I guadagni di prestazioni sono stati sostanziali. Confrontato con un processore per computer standard a ventidue thread, il design del chip è stato in grado di generare token venti volte più velocemente nella sua configurazione più piccola, anche quando operava su un sistema di memoria simulato intenzionalmente lento e difficile. I ricercatori hanno proiettato che versioni più grandi di questo chip potrebbero essere quasi duecento volte più veloci del computer di base. Più importante ancora, l'efficienza energetica è stata sbalorditiva. Si è stimato che il chip utilizzi circa tremila volte meno energia per parola generata rispetto al processore del computer. Questa efficienza deriva dalla capacità del chip di far scorrere i pesi accanto alle sue unità di calcolo alla massima velocità consentita dalla memoria, invece di attendere che il calcolo finisca prima di recuperare il pezzo di dato successivo.

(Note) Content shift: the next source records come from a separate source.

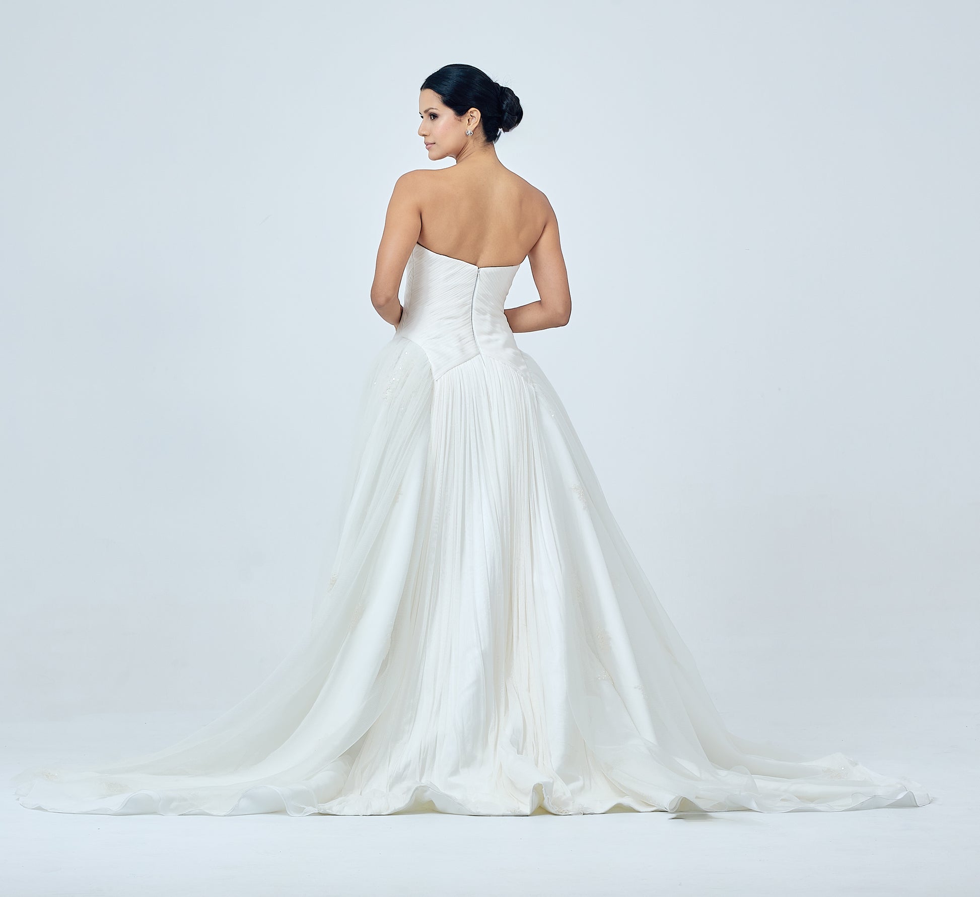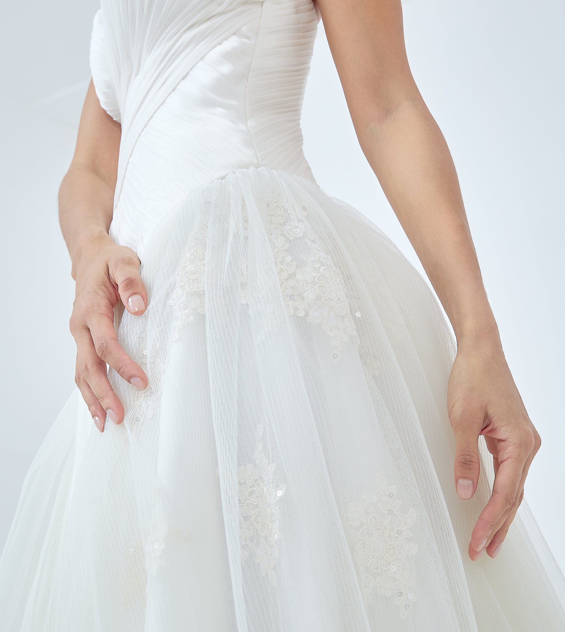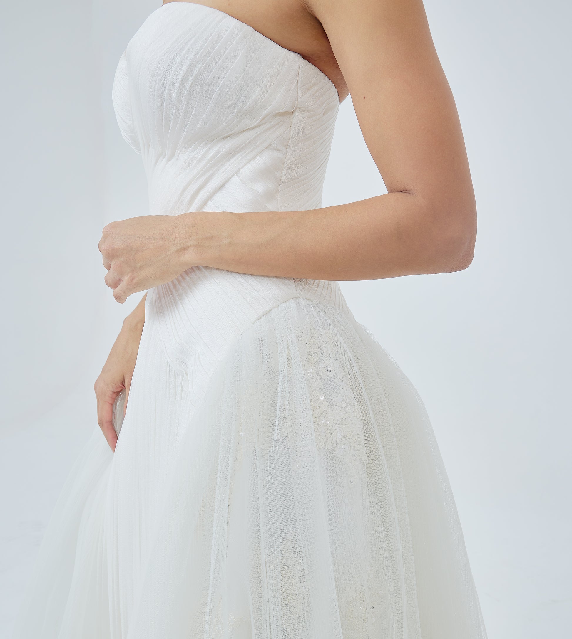 Crafted from cruelty-free silk tulle, this gown features artfully pleated tulle from the sides, subtly hinting at delicate lace embroidery. The dramatic train adds a touch of pure grandeur. A meticulously boned internal corset with lace detailing sculpts and accentuates your figure, while the invisible zip closure at the center back ensures a seamless finish.
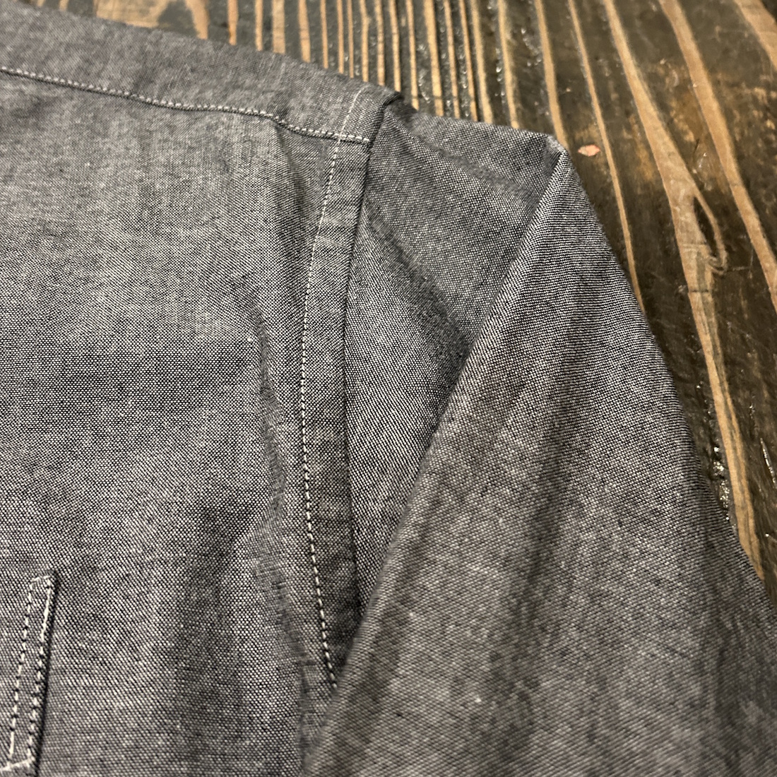 真夏以外のシーズンであれば着用可能な使い勝手の良いシャンブレー生地を採用。
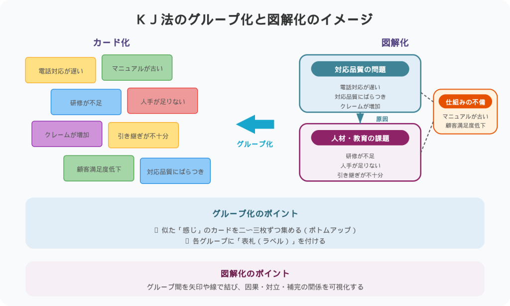KJ法は、断片的な情報やアイデアを整理し、全体の構造を見える化するための実践的なフレームワークです。「カード化→グループ化→図解化→文章化」の四つのステップを順に進めることで、複雑な課題の本質を捉え、チームでの合意形成を促進できます。
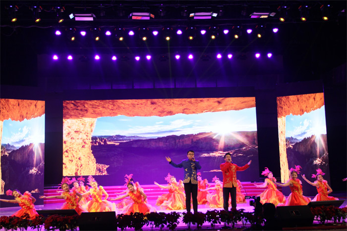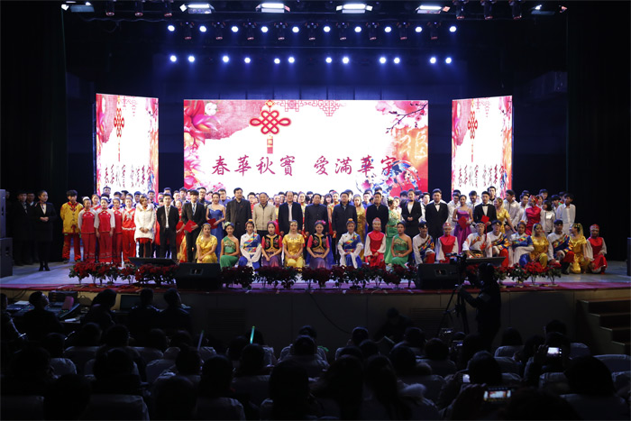 12月27日14时30分,我校 “春华秋实,爱满华宇” 2017年元旦联欢会在国际文化中心隆重举行,学校常务副校长梁玉国,副校长夏传波、张文圣、高挺进、杨义,校长助理魏东坡以及各教学单位、各职能处室负责人出席联欢会并与全校1400余名师生代表共同观看了联欢会。

Il lavoro non si è fermato alla simulazione. Per garantire che il design non fosse solo un esercizio teorico, il ricercatore ha preso la descrizione digitale del chip e l'ha elaborata attraverso un intero flusso di produzione utilizzato per creare veri chip di silicio. Questo processo ha convertito il design in un layout fisico che potesse essere stampato su un chip. Il layout risultante ha superato tutte le rigide regole richieste per la produzione, confermando che il design era fisicamente realizzabile. Sebbene la versione specifica testata sia stata costruita utilizzando una tecnologia di produzione più vecchia e grande, il layout riuscito ha provato che l'architettura è solida e potrebbe essere rimpicciolita con processi moderni e ad alta velocità. Il chip fisico, una volta costruito con componenti di memoria avanzate, si prevede sarà ancora più piccolo e veloce.

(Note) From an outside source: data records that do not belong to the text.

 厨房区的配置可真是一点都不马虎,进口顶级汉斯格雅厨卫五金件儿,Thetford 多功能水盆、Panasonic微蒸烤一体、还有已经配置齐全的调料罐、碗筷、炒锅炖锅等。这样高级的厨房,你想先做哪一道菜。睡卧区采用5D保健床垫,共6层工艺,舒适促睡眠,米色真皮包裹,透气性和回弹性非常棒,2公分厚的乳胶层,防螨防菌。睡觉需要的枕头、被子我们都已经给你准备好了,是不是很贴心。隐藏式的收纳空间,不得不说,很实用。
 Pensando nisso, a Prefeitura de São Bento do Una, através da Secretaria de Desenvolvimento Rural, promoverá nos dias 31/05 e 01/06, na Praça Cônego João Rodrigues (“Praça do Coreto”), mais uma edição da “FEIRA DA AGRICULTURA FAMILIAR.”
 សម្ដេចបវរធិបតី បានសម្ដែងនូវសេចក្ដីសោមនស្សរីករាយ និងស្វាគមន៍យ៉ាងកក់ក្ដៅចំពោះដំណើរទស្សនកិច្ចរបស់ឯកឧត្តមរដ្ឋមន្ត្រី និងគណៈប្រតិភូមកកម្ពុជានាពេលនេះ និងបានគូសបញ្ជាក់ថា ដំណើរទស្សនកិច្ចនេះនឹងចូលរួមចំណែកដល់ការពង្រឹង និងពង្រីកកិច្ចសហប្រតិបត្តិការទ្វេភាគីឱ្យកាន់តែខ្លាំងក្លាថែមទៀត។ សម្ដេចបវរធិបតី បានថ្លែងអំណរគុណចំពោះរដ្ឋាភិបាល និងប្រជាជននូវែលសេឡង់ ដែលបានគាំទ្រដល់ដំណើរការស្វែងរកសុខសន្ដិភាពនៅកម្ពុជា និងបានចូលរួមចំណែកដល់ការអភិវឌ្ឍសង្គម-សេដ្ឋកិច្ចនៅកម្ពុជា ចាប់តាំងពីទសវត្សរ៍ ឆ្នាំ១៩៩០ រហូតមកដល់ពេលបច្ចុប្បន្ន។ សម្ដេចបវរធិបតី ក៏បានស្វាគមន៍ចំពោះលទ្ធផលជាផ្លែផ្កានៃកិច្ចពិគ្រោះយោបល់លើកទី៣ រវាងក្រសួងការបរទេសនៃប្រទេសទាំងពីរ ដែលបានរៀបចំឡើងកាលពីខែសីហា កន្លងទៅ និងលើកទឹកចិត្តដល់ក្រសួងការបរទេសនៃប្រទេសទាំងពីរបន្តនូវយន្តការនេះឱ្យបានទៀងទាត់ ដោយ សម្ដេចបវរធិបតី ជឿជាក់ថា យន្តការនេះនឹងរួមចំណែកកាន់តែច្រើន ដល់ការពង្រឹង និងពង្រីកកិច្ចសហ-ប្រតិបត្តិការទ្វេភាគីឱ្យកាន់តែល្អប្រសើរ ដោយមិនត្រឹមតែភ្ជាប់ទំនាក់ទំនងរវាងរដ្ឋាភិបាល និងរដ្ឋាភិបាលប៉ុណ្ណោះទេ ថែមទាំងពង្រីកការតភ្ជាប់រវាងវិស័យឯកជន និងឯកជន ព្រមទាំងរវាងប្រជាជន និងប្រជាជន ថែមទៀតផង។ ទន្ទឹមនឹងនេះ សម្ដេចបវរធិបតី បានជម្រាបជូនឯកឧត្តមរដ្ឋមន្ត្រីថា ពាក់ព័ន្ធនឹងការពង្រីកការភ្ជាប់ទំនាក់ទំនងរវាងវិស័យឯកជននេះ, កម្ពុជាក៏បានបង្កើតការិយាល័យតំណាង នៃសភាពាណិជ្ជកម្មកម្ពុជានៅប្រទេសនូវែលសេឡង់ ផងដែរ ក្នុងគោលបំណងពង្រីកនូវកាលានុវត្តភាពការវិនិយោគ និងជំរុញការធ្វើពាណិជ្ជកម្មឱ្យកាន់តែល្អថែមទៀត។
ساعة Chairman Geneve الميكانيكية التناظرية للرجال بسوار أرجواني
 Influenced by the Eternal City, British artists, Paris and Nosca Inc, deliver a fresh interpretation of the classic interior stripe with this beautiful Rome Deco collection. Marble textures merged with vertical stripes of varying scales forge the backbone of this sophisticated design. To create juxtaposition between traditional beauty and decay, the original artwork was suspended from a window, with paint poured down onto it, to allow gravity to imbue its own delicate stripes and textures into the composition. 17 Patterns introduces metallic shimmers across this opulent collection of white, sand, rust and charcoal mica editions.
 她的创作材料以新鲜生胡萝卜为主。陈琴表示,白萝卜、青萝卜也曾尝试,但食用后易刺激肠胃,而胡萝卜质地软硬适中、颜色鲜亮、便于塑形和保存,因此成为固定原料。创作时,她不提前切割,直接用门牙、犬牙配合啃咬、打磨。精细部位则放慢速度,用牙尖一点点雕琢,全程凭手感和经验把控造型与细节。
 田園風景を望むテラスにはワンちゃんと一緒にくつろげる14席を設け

Questo progetto evidenzia un cambiamento nel modo in cui potremmo costruire il futuro dell'intelligenza artificiale. Invece di cercare di rendere i computer general-purpose più veloci, l'approccio si concentra sulla costruzione di piccoli motori specializzati che facciano una cosa alla perfezione. Separando la matematica difficile della gestione di numeri imprecisi nella fase di preparazione del software, l'hardware stesso può rimanere semplice, veloce e incredibilmente efficiente. Il successo di questo design suggerisce che possiamo eseguire sofisticati modelli linguistici "on the edge", in dispositivi che sono attualmente troppo piccoli per gestirli, senza sacrificare l'accuratezza che rende questi modelli utili. La strada da seguire prevede la scalabilità di questo design per gestire modelli più grandi e compiti linguistici più complessi, ma le fondamenta sono state gettate: un chip piccolo, verificato e producibile che può tradurre le lingue del mondo con la precisione di un supercomputer e l'efficienza di un dispositivo alimentato a batteria.